I helped Andy get into the gunnysack. I closed the top of it and tied it with twine. Then I rolled him in the gunnysack to the riverbank. I located his head in the sack and patted it.

“We are at the diving board,” I told him. “I’m going to roll you up the diving board now. You can sort of help by turning yourself as I push you.”

I was afraid Andy would fall off the diving board before we reached the end of it, but he didn’t. Again I patted him on the head.

“One more push and you are a goner,” I said. “Are you ready, old pal?”

“Tell my folks I did it because I’m plumb useless.” Andy’s voice came out of the gunnysack. “And I sure appreciate you helping me to do myself in. You are a real pal, John. I’m ready.”

“Good-bye, old pal,” I said, feeling very sad as I rolled Andy off the end of the diving board.

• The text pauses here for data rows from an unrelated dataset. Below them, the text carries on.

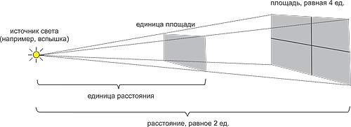 Например, увеличение расстояния между вспышкой и объектом в 2 раза приводит к уменьшению освещенности объекта в 4 раза. Если указанные расстояния увеличить в 3 раза, то освещенность уменьшится в 9 раз и т. д. При уменьшении расстояний наблюдается обратная зависимость.
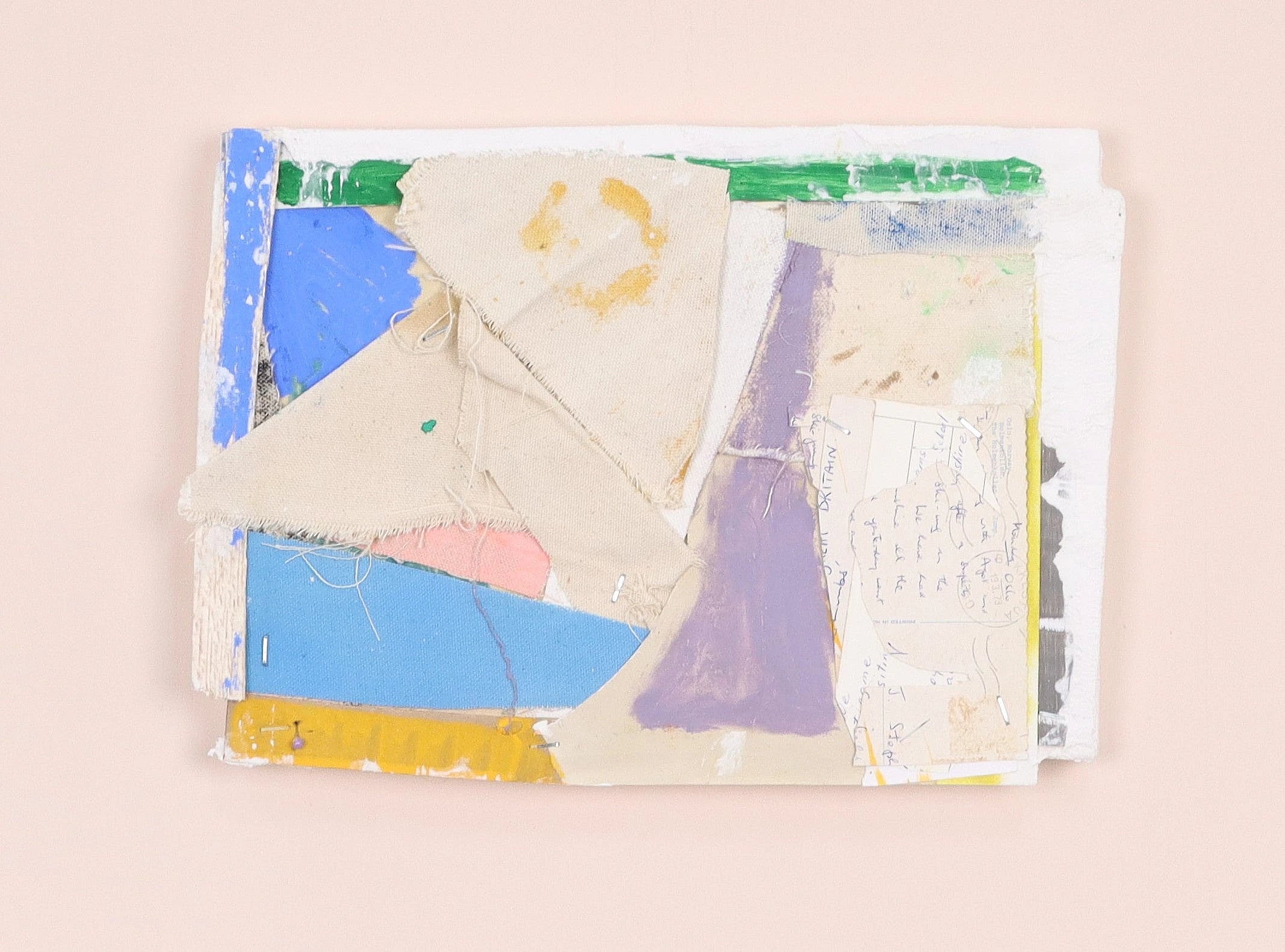 Cut and folded canvas, paper, cardboard , paints, pastels and staples on wooden support. Framed in open tray frame.
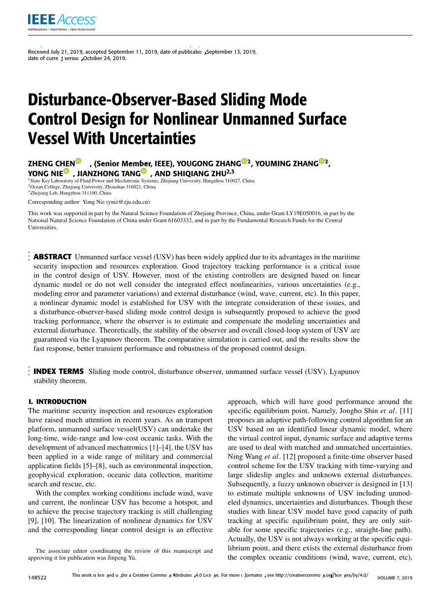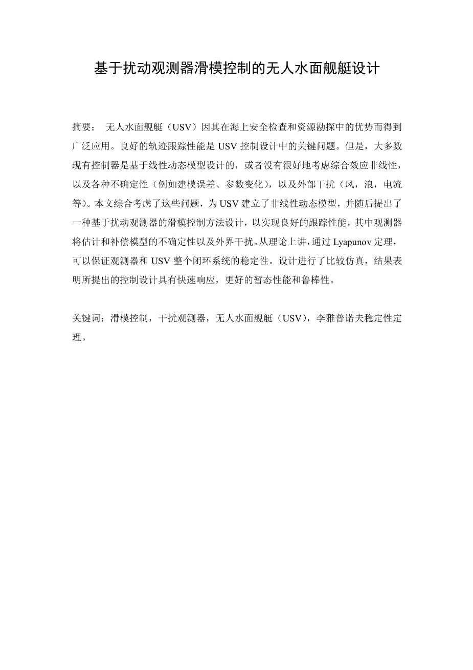 基于扰动观测器滑模控制的无人水面舰艇设计外文翻译资料
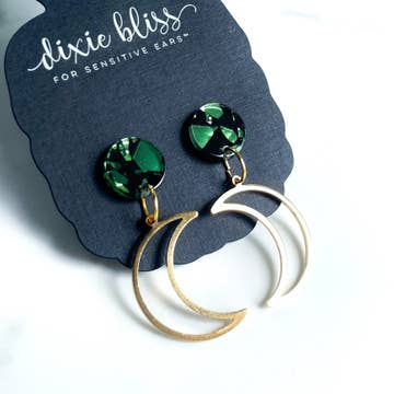Suggested retail for one pair is 10-16! Moon Gazer is bewitching and features: *Venom Green Holographic Acrylic Stud *Vintage Brass Patina Open Crescent Moon *Measures 1.7" from the top *Posts are Stainless Steel *Great for sensitive ears *Made in the USA
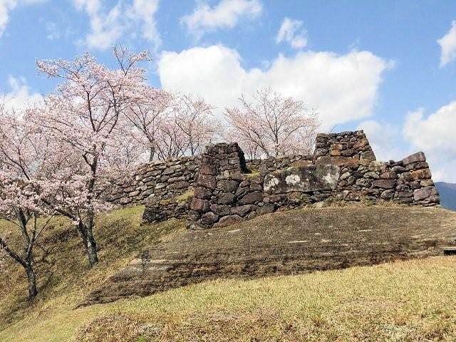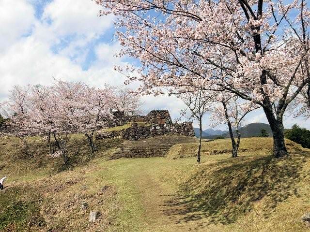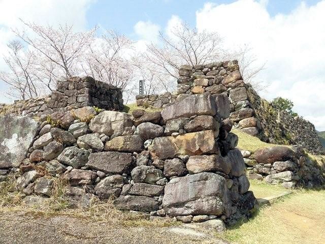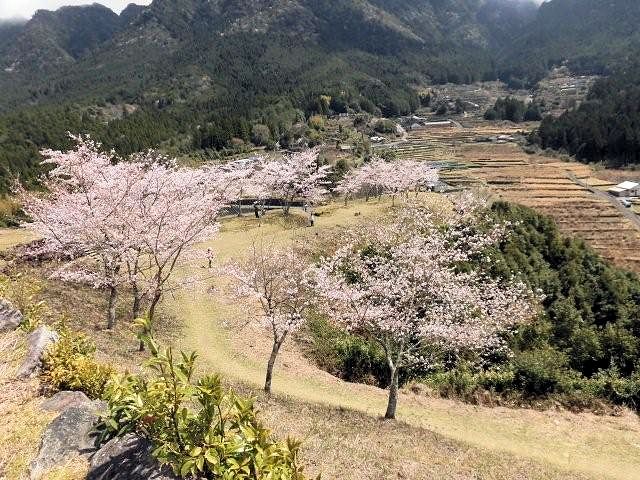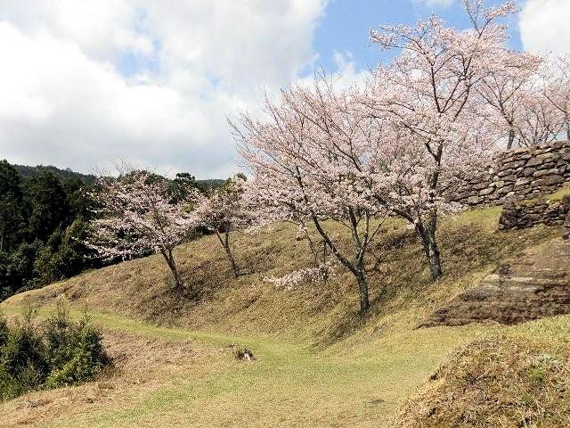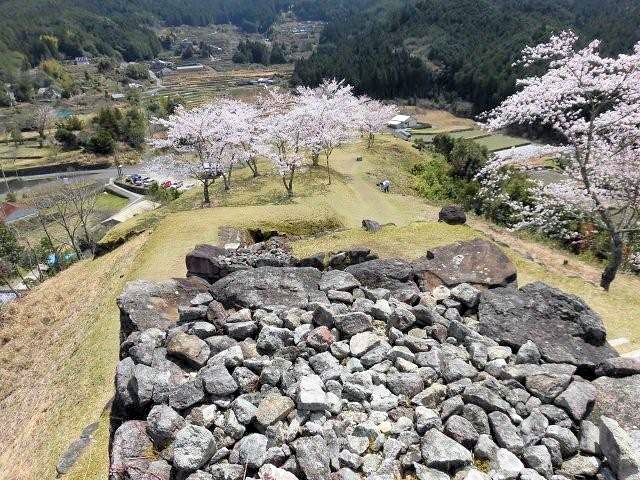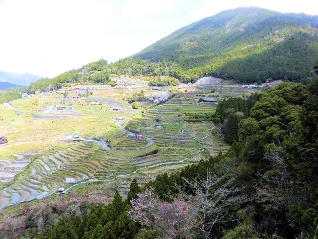 2016/04/05「花の窟神社」から車で走ること約1時間、紀和町赤木城跡に来ました。豊臣秀吉時代の築城名手の藤堂高虎が「天正の北山一揆」を制圧するために築いた城です。現在は標高230mの丘陵地に築城当時の遺構を示す石垣が残り、近年は天空の城として脚光を浴びています。日本の「天空の城」と称されているのは、竹田城跡を始めとする遺跡と比べると規模的には大きくはありません。それが幸いしてか登城の難易度が低く、観光客には嬉しいかもしれません。赤木城の沿革ですが、「紀伊続風土記」「倉谷家文章」などから 天正16年(1588)大和大納言(豊臣秀長)の北山攻め後、時の北山代官(藤堂佐渡守のちに和泉守高虎)が築きその地を統治しましたが、その際地侍を中心とした一揆が起こり加担した者をを赤木城の西方の田平子峠(たびらこ峠)で斬首し獄門にしました。藤堂高虎は文禄4年(1595)四国伊予三郡を与えられるまでの11年間、北山付近に在居し城郭の整備をしたものと考えられています。「天空」と云えばもう一つ違った風景が此の地に存在していました。それは、丸山千枚田です。江戸時代に築かれた日本最大規模の棚田ですが、かつては2240枚もの田があったと言いますが、今は残念ですが過疎化などで減少したようです。それでも現代では1340枚の水田が復活しており、四季折々の美しさを見せています。私も初めて見ましたが、「田圃」にこれ程感動するとは思いませんでした。また、季節や時間によっては、きっと変わった一面を見せてくれると思います。見どころは、赤木城跡(桜並木)、丸山千枚田。アクセスはJR「熊野市駅」より車でR42、R311、R40若しくはR760を経由し約40分で丸山千枚田。そこより更に10分で赤木城跡
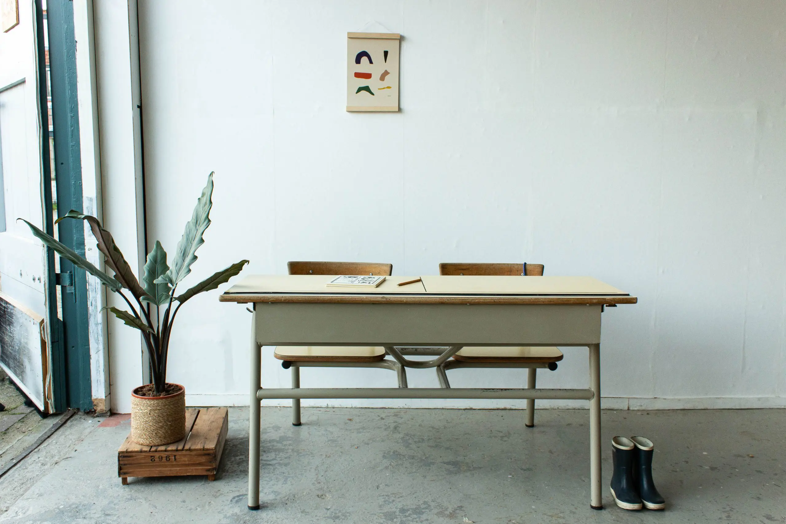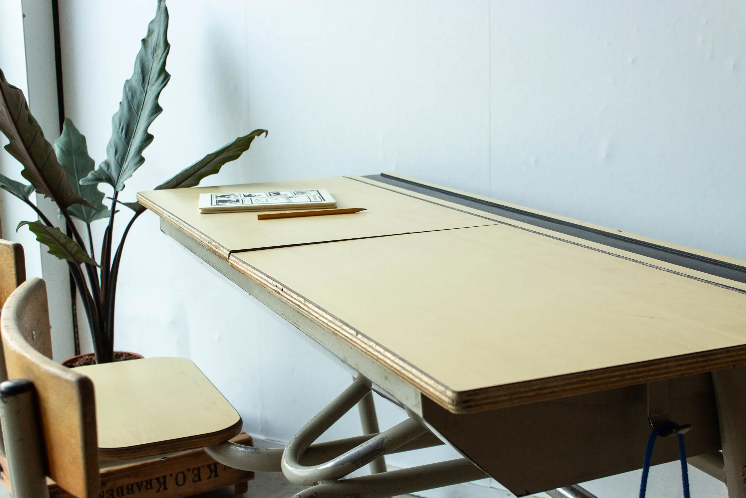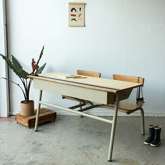 Tweepersoons vintage schoolbank met formica blad
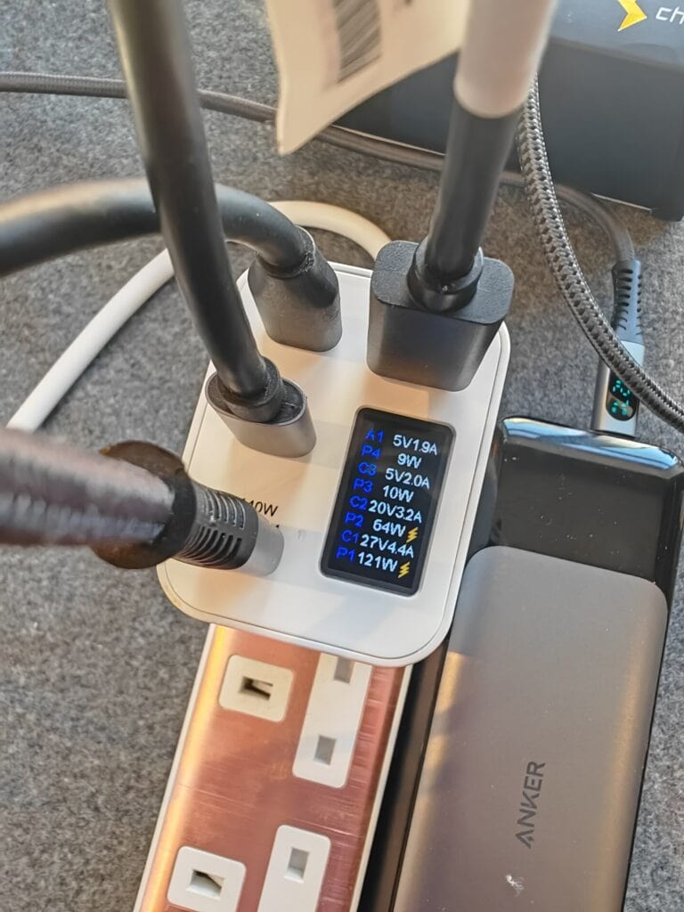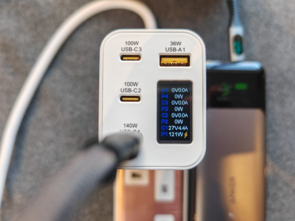 I used the Anker to test each port individually and checked the OLED display against the display on the power bank and also the display on the USB4 cable I was using. The 140W port capped out at 125W, which matches the performance from Ugreen Nexode 140W. My best guess is that the Anker only takes 140W when completely drained.
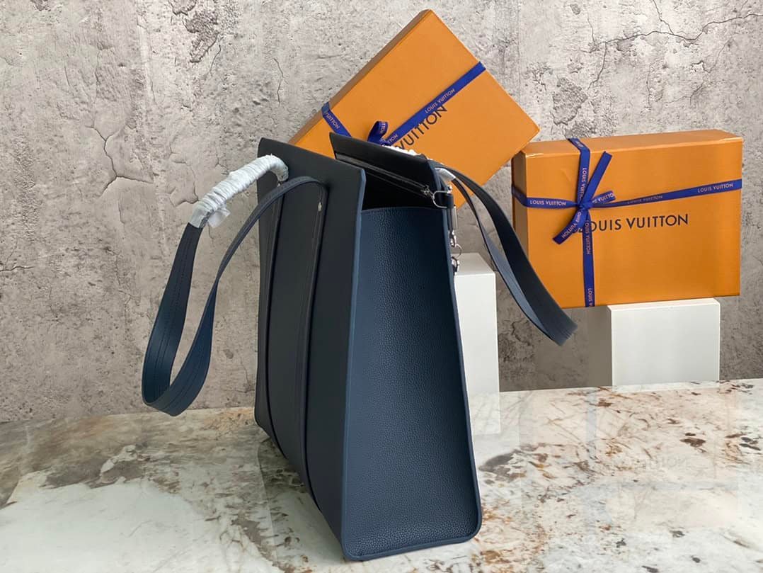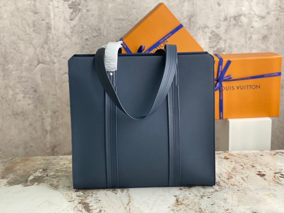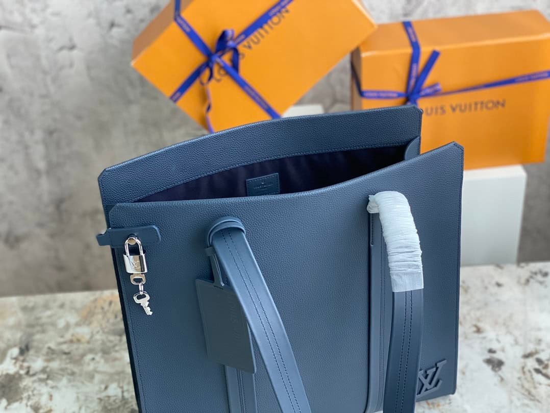 The brand new LV Aerogram Tote bag is made of soft and delicate grained calfskin, subtly embellished with leather labels and metal LV letters, which together with the minimalist design attract trendy attention. Men’s shopping bag with full leather tag and big logo.
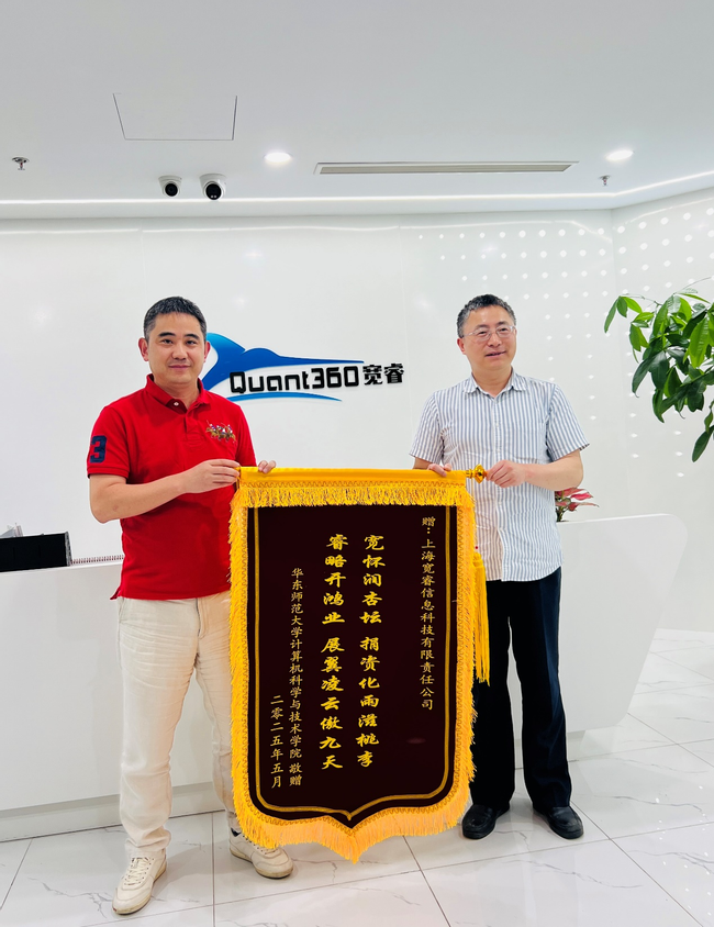 为了表达对宽睿科技捐资助学的感激之情,学院向公司赠送锦旗,题字为:“宽怀润杏坛,捐资化雨滋桃李;睿略开鸿业,展翼凌云傲九天”。
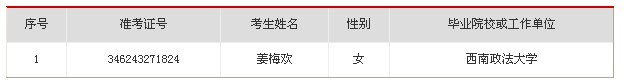 根據(jù)中共中央組織部、人力資源和社會保障部、國家公務(wù)員局關(guān)于中央機關(guān)及其直屬機構(gòu)2012年度考試錄用公務(wù)員有關(guān)工作要求,經(jīng)過筆試、面試、體檢、考察等程序,湖南省國家稅務(wù)局系統(tǒng)擬補錄姜梅歡同志為公務(wù)員,現(xiàn)將擬錄用人員名單予以公示(考生暫緩錄用的原因為體檢時懷孕,暫停了部分體檢項目)。
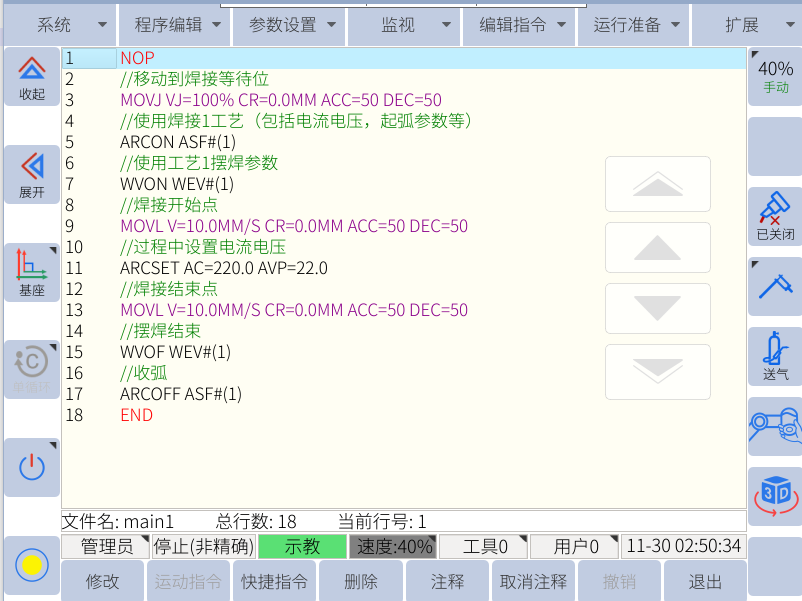 當出現“已關閉”時,表示JBI中的焊接語句均不生效。只能演示出實際的焊接路徑,不能進行焊接。
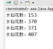 package a; public class aaa { public static void main(String[] args) { for(int i=100;i<=999;i++) { if(((i/100)*(i/100)*(i/100))+((i%10)*(i%10)*(i%10))+((i/10%10)*(i/10%10)*(i/10%10))==i) { System.out.println("水仙花数:"+i); } } } }
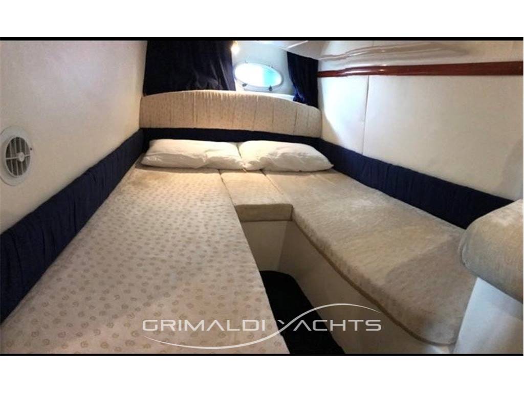 La barca dispone di due cabine, rifinite con materiali di qualità e dotate di ogni comfort necessario per crociere rilassanti di medio- lunga durata. Troviamo una cabina armatoriale situata a prua con letto centrale e comodi vani porta oggetti lungo le murate.

The gunnysack with Andy in it hit the water. I was expecting to see a few air bubbles after the big splash as Andy went to his death. Instead the water began to churn and to my astonishment Andy’s head popped out of it. He began swimming toward the river bank as the gunnysack floated down the river. I ran to meet him.

“Gee whizz, John,” he said with his teeth chattering from the cold water, “couldn’t you tie a knot that would hold? The sack busted right open when I hit the water.”

I was a little nettled by his attitude. I thought I’d tied a good knot. “You could have pretended the sack didn’t open and let yourself drown,” I pointed out to him.

“Even a fool knows when you know how to swim you can’t let yourself drown,” he said as if completely disgusted with me.

“I’ll run back to the barn and get another sack and some baling wire,” I said. “I’ll tie you in with baling wire so you’ll never get out.”

“It is too darn cold,” Andy said as he started to dress with his clothes sticking to his wet body. “Let’s figure out a better way.”

“Maybe you’ll get pneumonia and die,” I said, trying to cheer him up.

“I ain’t that lucky,” he said.

We were both pretty disgusted when we returned to the barn. Andy was disgusted because he was still alive. I was disgusted because I’d let a pal down. We sat down at the rear of the barn in the sun so Andy’s clothes would dry.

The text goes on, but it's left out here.